- 749
Castañares, Manuel
Description
- paper
8vo (9 3/8 x 5 1/2 in.; 238 x 140 mm); minor spotting on first few and last few leaves. Modern red half-morocco, gilt-stamped title on spine.
Literature
Graff 625; Sabin 11376; Howes C224; Howell, California, Catalogue 50, no. 39 (this copy)
Catalogue Note
An extraordinary rarity, the former representative of California in the Mexican National Congress pleads for his region.

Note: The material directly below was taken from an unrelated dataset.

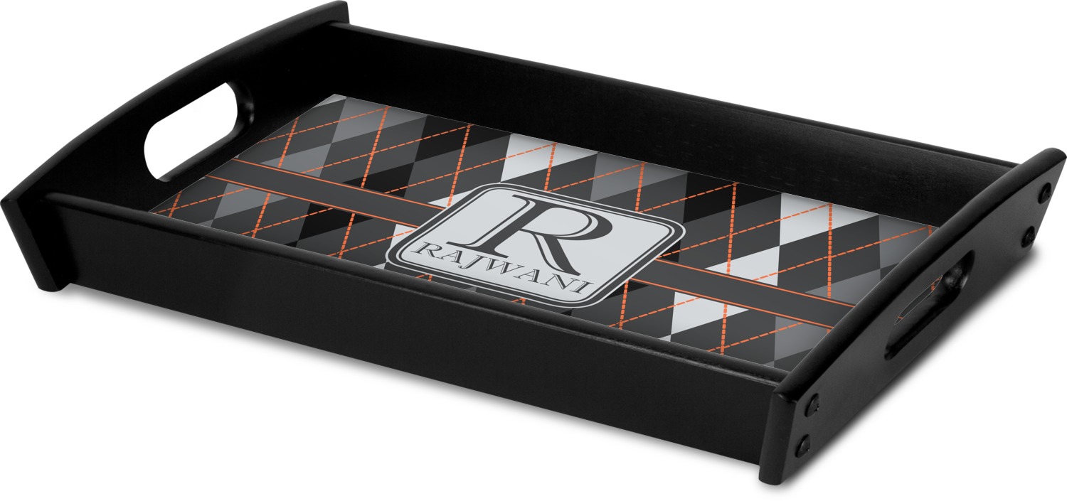 This serving tray with handles features square edges and two rounded sides, creating a very modern look. Each side is fabricated from a beautifully cut, natural wood. The bottom of the interior of the tray displays your customized design in bright, vibrant color. The tray is sold in both a black color and a natural wood look. Each variation of the wood serving tray has two sizes: Small, which is 14" x 10" x 2.25", and Large, which is 19.5" x 13.5" x 2.75".

Bancroft devoted nearly a chapter of the fifth volume of his History of California, to an account of this book which he regarded as one of the principal sources for the period 1844-1845. Castañares provides a detailed account of the region he represented, its needs, Indians, settlements, missions, and a "General Report" on its natural advantages. He argues that the retention of California in the Republic is of the greatest importance, and supports the preservation of the Pious Fund. He exhorts "California will be irremediably lost, and I tremble at the sad consequences ... A powerful foreign nation will pitch its camps there ... Then will sprout the seeds of today lying ignored in the soil; then her mines will be worked, her ports crowded, her fields cultivated ..." He also reports that in 1843 near Los Angeles, rich placers had been discovered yielding 2,000 ounces of gold.